At the time I was living on campus with plenty of geeks on the local irc channel to encourage me and get me started – my debian stable server was born. I named it rei, after the evangellion character (it was the first anime I ever watched, which happened around the same time).

The campus environment at uni was the ideal place to learn server administration. I had lots of people in the same building to get advice from, but each room was networked so if I messed up it only affected me (well, most of the time anyway 😉 ).

And so it was that I learned how to set up a basic firewall, file server and eventually an IMAP server + fetchmail which I have been using ever since. In the years since it has run – in addition to the normal tasks – stuff like an irc server and a local network game server (can’t remember which game though). When I finished uni it became the house firewall (requiring a far more advanced ruleset).

After upgrading to debian testing almost immediately post-setup that little box has survived two motherboard failures, three case transplants, a lucky recovery from a storage drive failure and the incredibly lucky recovery from an accidental “rm -rf *” in the root directory (yay for reiserfsck!).

I did eventually wipe the machine last year, after getting sick of kernel compiles and various other things caused by the age of the install that meant the server took more administration time than I wanted it to. By then I had a mythtv server as well (running fedora core 3), to make life easier I put ubuntu on both. And life was good.
 

Then with the recent possibility of using a small low powered mythtv frontend instead of the combined front/backend I have now, it got me thinking about why I need two servers. And as much as I hate to admit it, I don’t. Rei’s firewall has been replaced by a decent modem/router that doesn’t need any maintenance; the file server has been mostly replaced by my flatmate who is such a hoarder that he decided to build his own server. The files it serves now can easily be moved to the mythtv box.

The only thing I have needed that server for recently is mail, and I’ve been less than happy with that since I had to punch a hole in the firewall to my imap server in order to check mail on my phone. Even though we have adsl2 at home it isn’t as fast as I’d like. Not to mention that the fans in the case are so old and noisy that they’ve been unplugged so the drives are running hot. I had been holding off switching to gmail, but really the only excuse left was because I didn’t want to lose my first server. With the migration now done, it’s time to pull the plug.

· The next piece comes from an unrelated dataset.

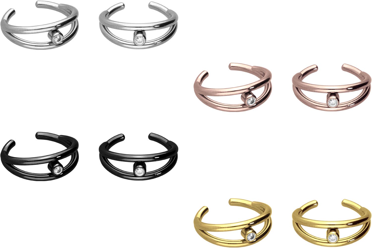 Chirurgenstahl 316L - Fake Ohrring 2 Ringe + Kristall
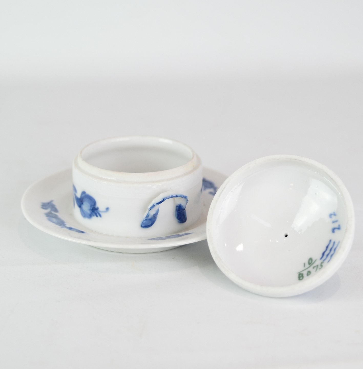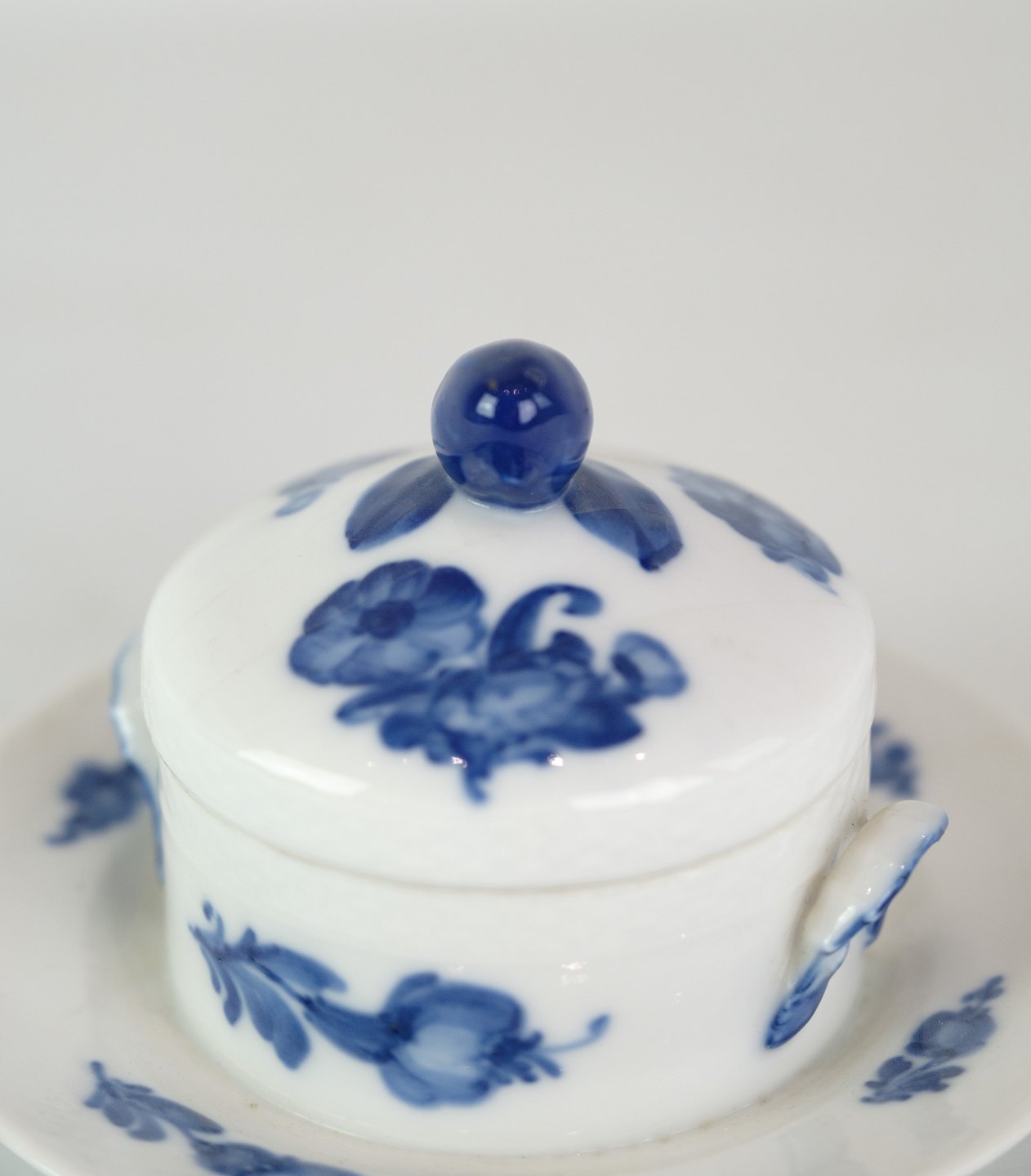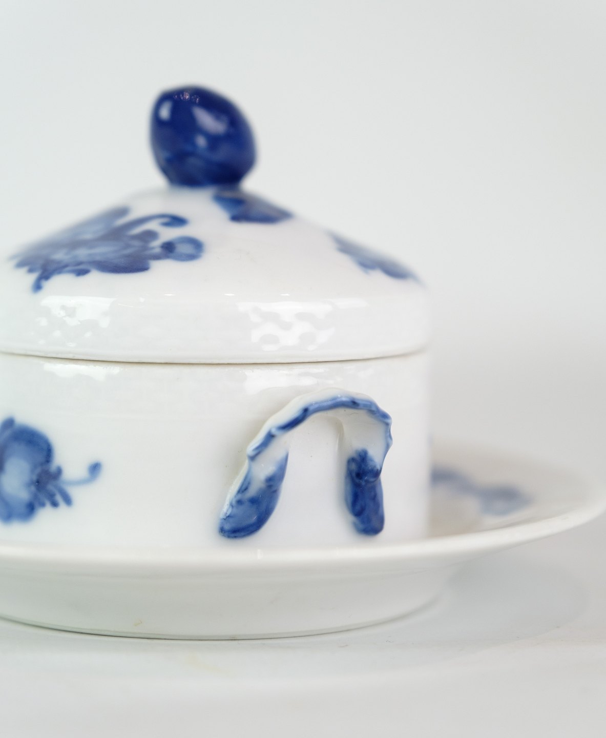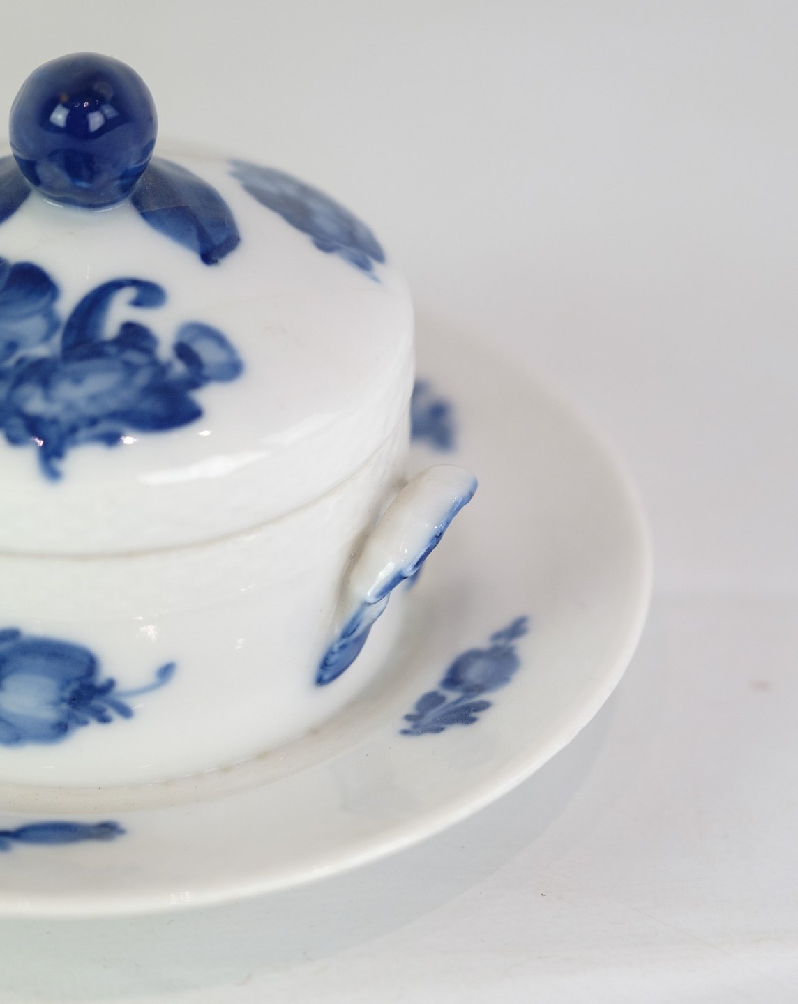 Kongelig smørskål på fast fod med mønstret blå blomst flettet nr. 10/8075. 1 sortering.

The server name will live on; I already have plans to replace the mythtv backend with my dual core desktop machine when I either buy a new gaming PC or the still-rumored mac mini upgrade (if it has a decent graphics card that can replace the PC). That will be quite an upgrade from the 8-year old CPU (Athlon 1200c) it has been using since the first mobo failure.

But rei is dead, long live rei 🙂 (that’s a bit of a strange way to put it if you’ve seen the anime!)